Full scene semantic segmentation method based on prototype queue learning under few-label samples

Technical Field

The invention belongs to the technical field of pattern recognition, and particularly relates to a full scene semantic segmentation method.

Background

Image Semantic Segmentation (Semantic Segmentation) is the pixel-level classification of images according to the Semantic class to which the pixels in a scene belong. The semantic segmentation method based on deep learning usually needs a large number of dense pixel-level labels, but the labeling of samples in an actual task is time-consuming and labor-consuming, and the labeling of samples in a specific task is difficult to obtain. Based on the above, the full scene semantic segmentation under the condition of few labeled samples aims at realizing the division of all pixels in the image according to the semantic categories under the condition of only a few labeled samples. The technology plays a key role in the application of practical high-complexity and strong dynamic scenes such as city planning, precision agriculture, forest inspection, national defense and military and the like.
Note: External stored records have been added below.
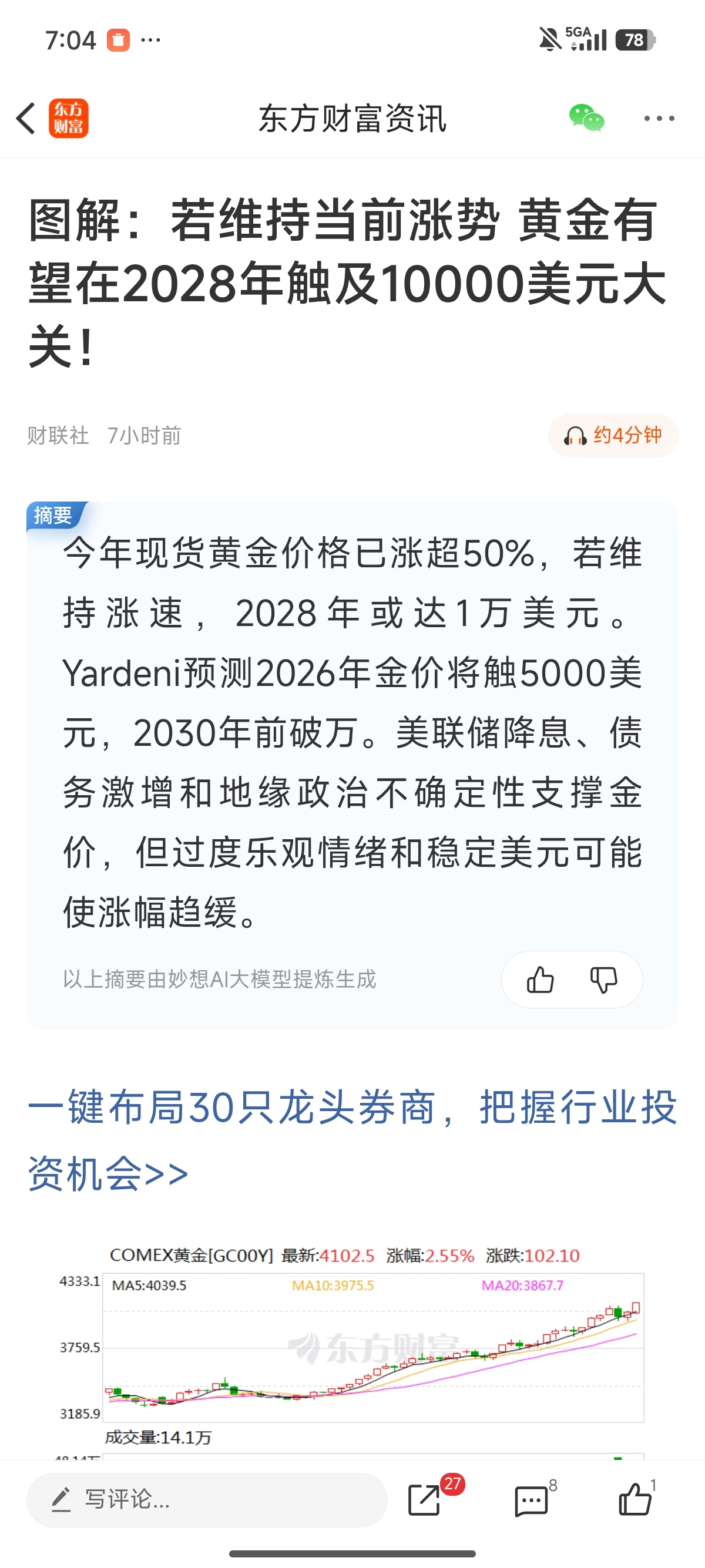 $德林控股(HK|01709)$ 这是目前为止关于黄金价格最疯狂的预测了。那比特币会是多少呢?按照黄金1倍~1.5倍来算,会是20~25万美元吗?
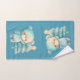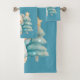 Cute Bear and Christmas Tree Teal Holiday Bath Towel Set
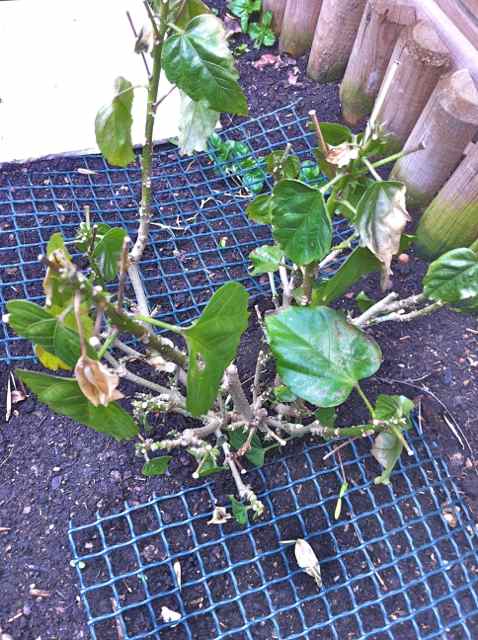 Je vous montre mon hibiscus planté en terre il y a peu, que me conseillez vous pour le faire repartir ?
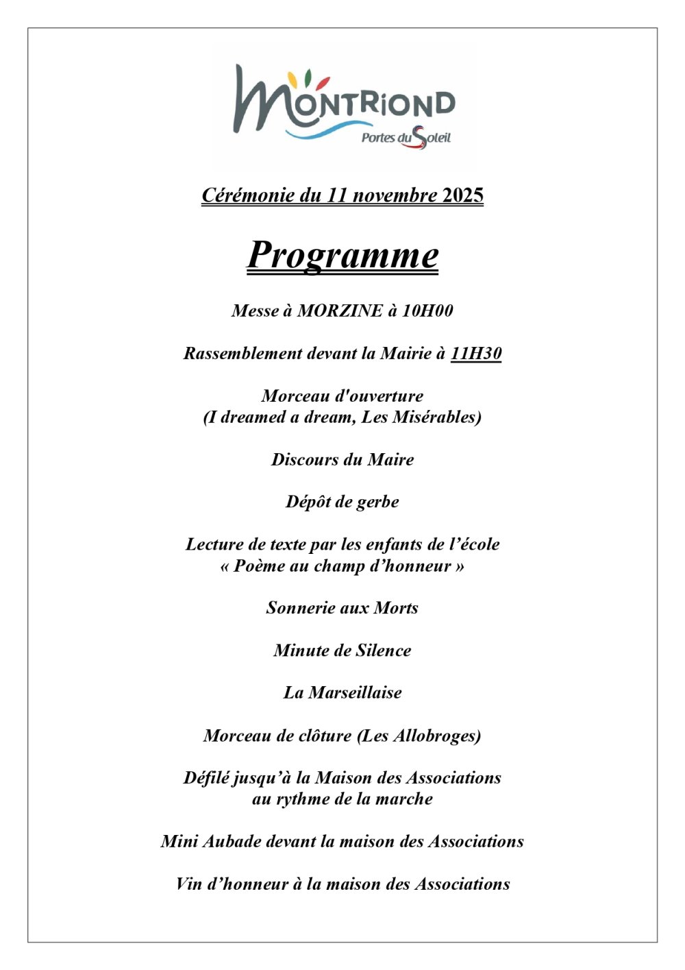 La municipalité vous invite à participer à la commémoration de l’Armistice du 11 novembre 1918, en hommage à tous les soldats morts pour la France.
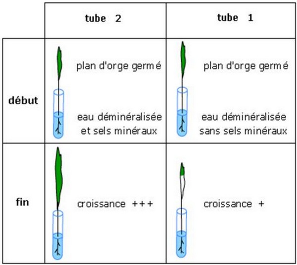 - Tube 1: on donne de l’eau déminéralisée (sans sels minéraux) à la plante expérimentale.
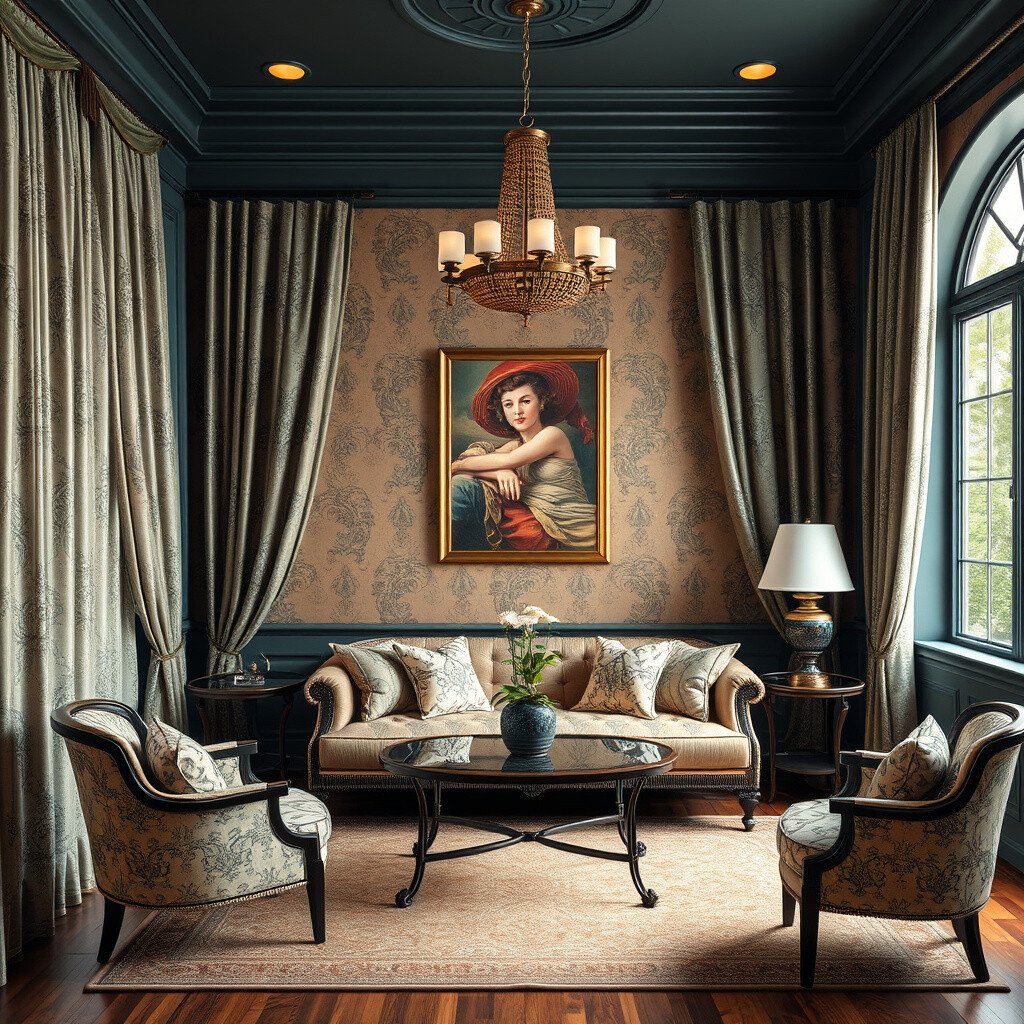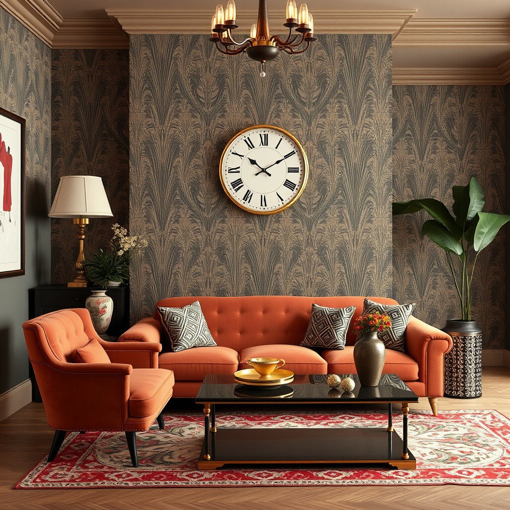 Art Deco is all about bold geometric patterns and rich colors. Think of zigzags, chevrons, and sunburst motifs. These designs can be easily incorporated through wallpaper, rugs, or even upholstery.

With the development of deep learning, the semantic segmentation field makes many progresses, and a small sample semantic segmentation technology under the condition of few labeled samples is developed to a certain extent by combining the migration effect of meta-learning and the less sample adaptability of metric learning. However, the current small sample semantic segmentation mainly focuses on segmenting foreground objects and background, and often neglects the requirement of multi-class semantic segmentation. How to guide a test sample by fully utilizing a small number of marked samples in a metric learning mode is an important problem in a small sample semantic segmentation technology. Wang et al in the literature "Kaixin Wang, Jun Hao View, Yingtian Zou, Daquan Zhou, and Jianshi Feng. Panet: Few-shot image segmentation with protocol alignment in IEEE International Conference on Computer Vision,2019, pp.9197-9206" reverse alignment regularization of the process of prototype guided segmentation, thereby enhancing the propagation of key semantics. Wang et al in the literature "Haochen Wang, Xudong Zhang, Yutao Hu, Yandan Yang, Xianbin Cao, and Xiianong Zhen. Few-shot segmentation with a removal characterization networks. in European Conference on Computer Vision,2020, pp.730-746" established pixel-to-pixel correlations, replacing prototypes generated by mask pooling to deepen guided segmentation of test samples by sample labels.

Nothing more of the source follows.